As Vertebrates
After sitting in school all day, you reach back and rub your sore neck. Along the back of your neck and your upper back, you feel hard knobs just under your skin. These are your backbones, or vertebrae, and they make up your spine. Your spine protects nerves and blood vessels that run from your brain to the rest of your body. While these bones may seem entirely normal to you, not all animals have a spine.

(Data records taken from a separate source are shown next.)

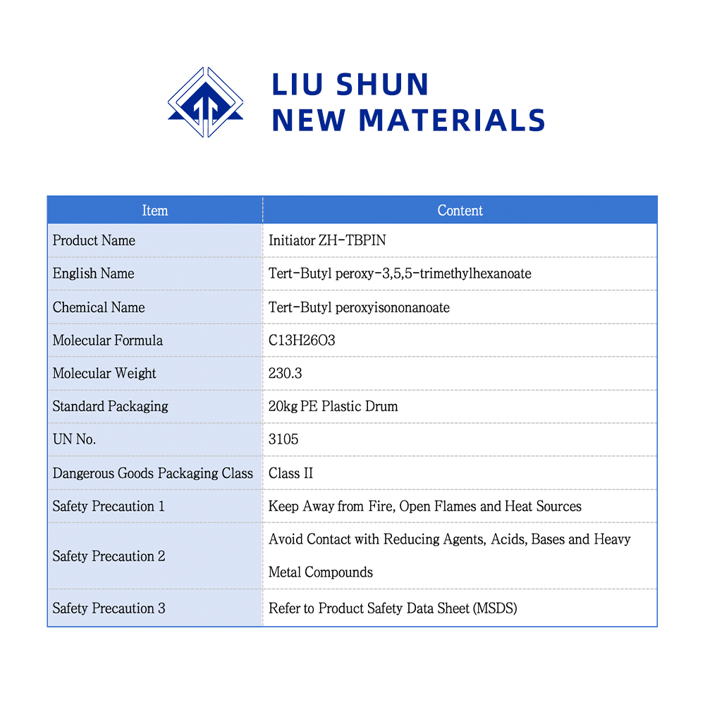 TBPIN es el agente de curado elegido para el proceso de moldeo en caliente de resina UP (SMC, BMC, ZMC, etc.), el rango de temperatura es de 120-170 ℃, los productos son bien tolerados, seguros y respetuosos con el medio ambiente.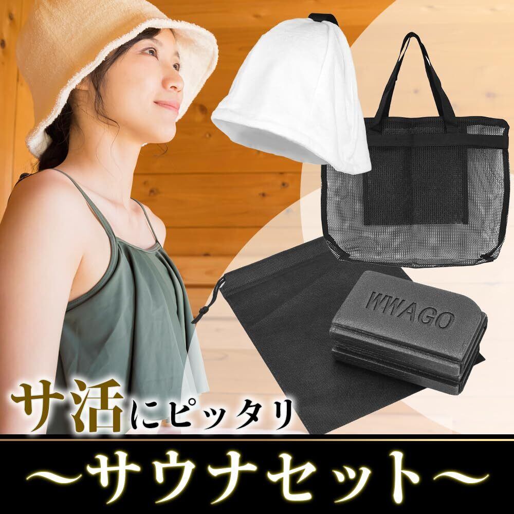 サウナのマストアイテム3点セットをまとめてお届け!個別に買う手間を省き、すぐに「サ活」できる便利セットです。サウナハット・折り畳みマット・収納バッグとマットを収納できる収納袋のセットです。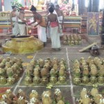 Lord Shiva are heaped in the side aisles for the alamkaram to the Gods. Fruits of the trinity, mangoes, bananas, jackfruits and also pomegrenates, dates and coconuts are brought in baskets. The Brahmin Archaka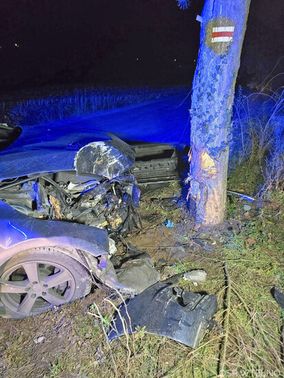 W piątek, 12 grudnia o godz. 6.05 strażacy z OSP Wtelno #wspólnie z OSP KSRG Gościeradz zostali zadysponowani na ulicę Nad Brdą w Tryszczynie, gdzie samochód osobowy uderzył w drzewo.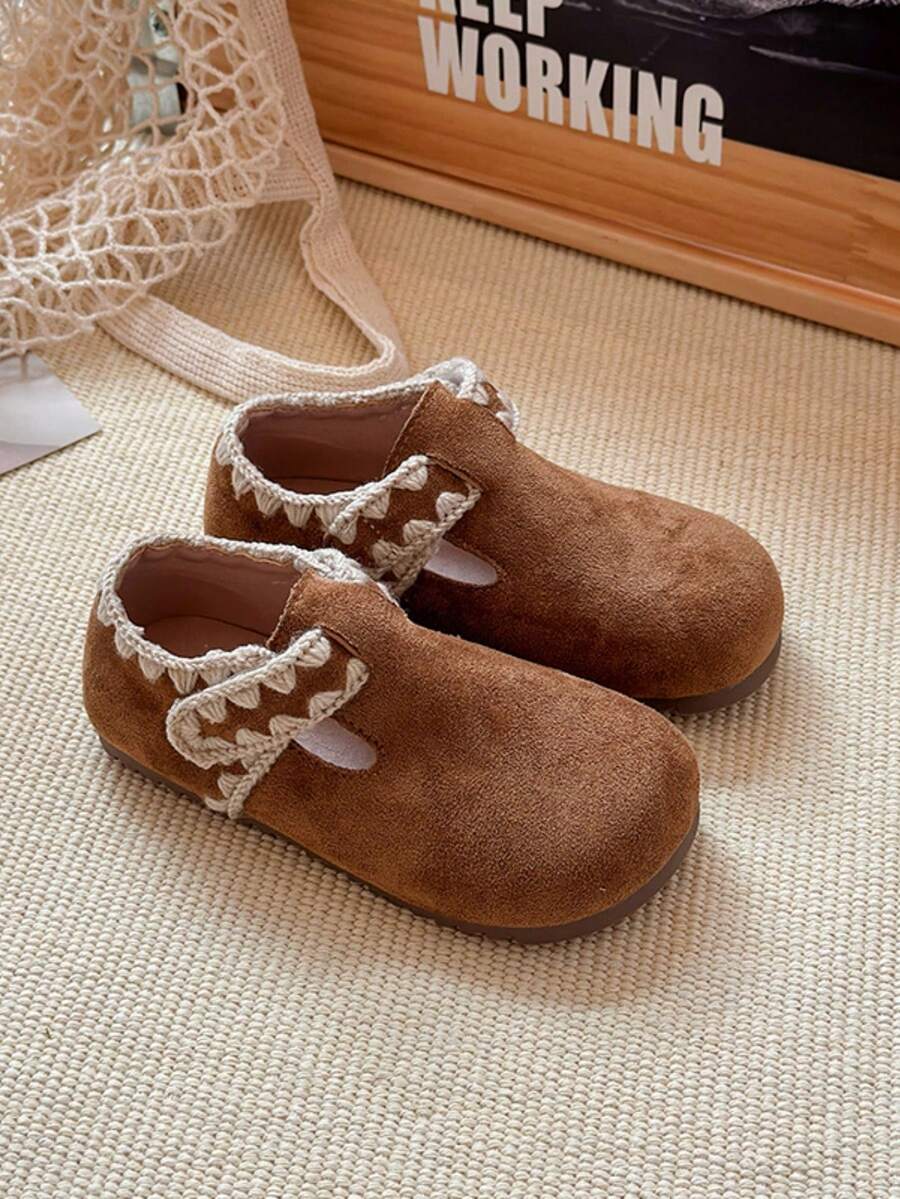 Ein Paar Mädchen-Stil gewebte dekorative Wildleder-Schuhe mit Schnallen, Niedriger Schaft, flach und im Retro-Stil, geeignet für den täglichen Gebrauch und leichte gesellige Anlässe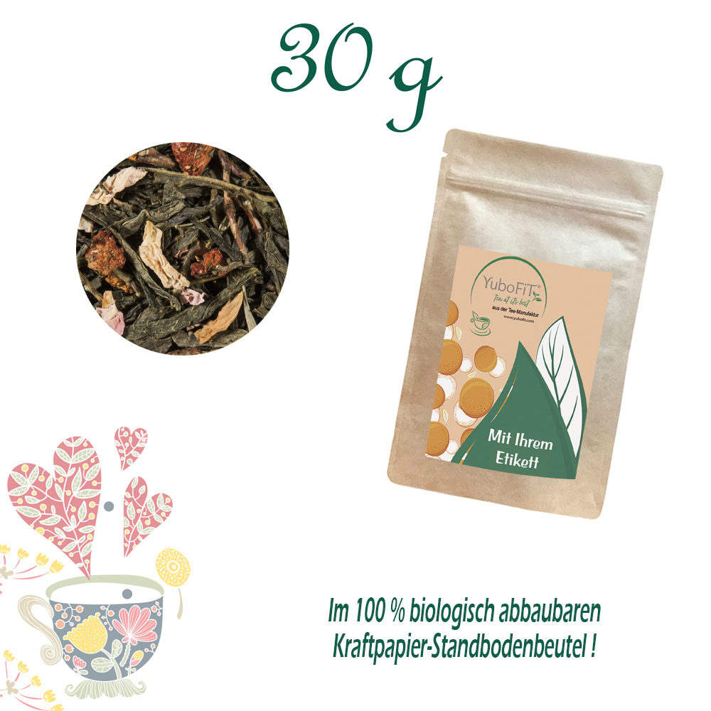 Grüner Tee China Sencha (83 %), Papayastücke (Papaya, Zucker), Aromen, Rosenblütenblätter (2 %), Erdbeerstücke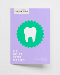 Les caries sont le grand ennemi des enfants et des dentistes. On voit de plus en plus d'enfants jeunes qui en souffrent. En cause ? Le sucre, les boissons sucrées, le grignotage, une mauvaise hygiène bucco-dentaire. Et pourtant, on pourrait éviter d'en arriver là. Le meilleur outil, c'est bien sûr la prévention et la communication ! Ma boîte Stop Caries est une solution clé en main très complète. On y trouve un livret qui explique tout sur le soin des dents des bébés aux grands enfants. Par âge, on nous enseigne en tant que parents à prendre soin des dents de nos enfants et leur inculquer de bonnes bases, une fois qu'ils deviennent autonomes. Dans cette boîte, il y a aussi une petite histoire sur la première visite chez le dentiste qui est rassurante et bienveillante, un petit jeu, un carnet de liaison etc.. Une comptine à écouter sur le smartphone ainsi qu'un sablier pour le brossage des dents numérique sont aussi proposés. Pour ce point, j'aurais peut-être aimer trouver un vrai sablier. Conclusion : un outil pédagogique complet conçu par des experts : dentistes, orthodontistes qui est d'intérêt public !

Having a spine is a major feature of vertebrates—back-boned animals. Vertebrates first appear in the fossil record about 500 million years ago. These first vertebrates looked like small fishes but didn't have the elaborate fins of modern fishes. Some of these early vertebrates (or their close relatives) include Pikaia and Haikouichthys. These creatures looked a bit like a mix between a fish and a flat worm, and they lived 525 to 500 million years ago.
Out of the water
The earliest vertebrates lived in the water, but you live on land. What do fossils tell us about how vertebrates moved from water to land?
The earliest tetrapods (vertebrates with four limbs, like a frog, a cat, or you) evolved about 375 million years ago. Their ancestors were lobe-finned fishes, like Eusthenopteron. Some of the features that link lobe-finned fishes with the earliest tetrapods have to do with the fin bones of the two groups. The pattern is the same in both fins and arms—one big bone (your humerus) connected to smaller bones (your radius and ulna).
Many transitional fossils show us how these early fin bones evolved to support the body weight of the first vertebrates that lived on land. One of the most famous is Tiktaalik. Tiktaalik has a mix of lobe-finned fish and tetrapod features, and probably used its forelimbs (or forefins) to splash around in shallow water 375 million years ago.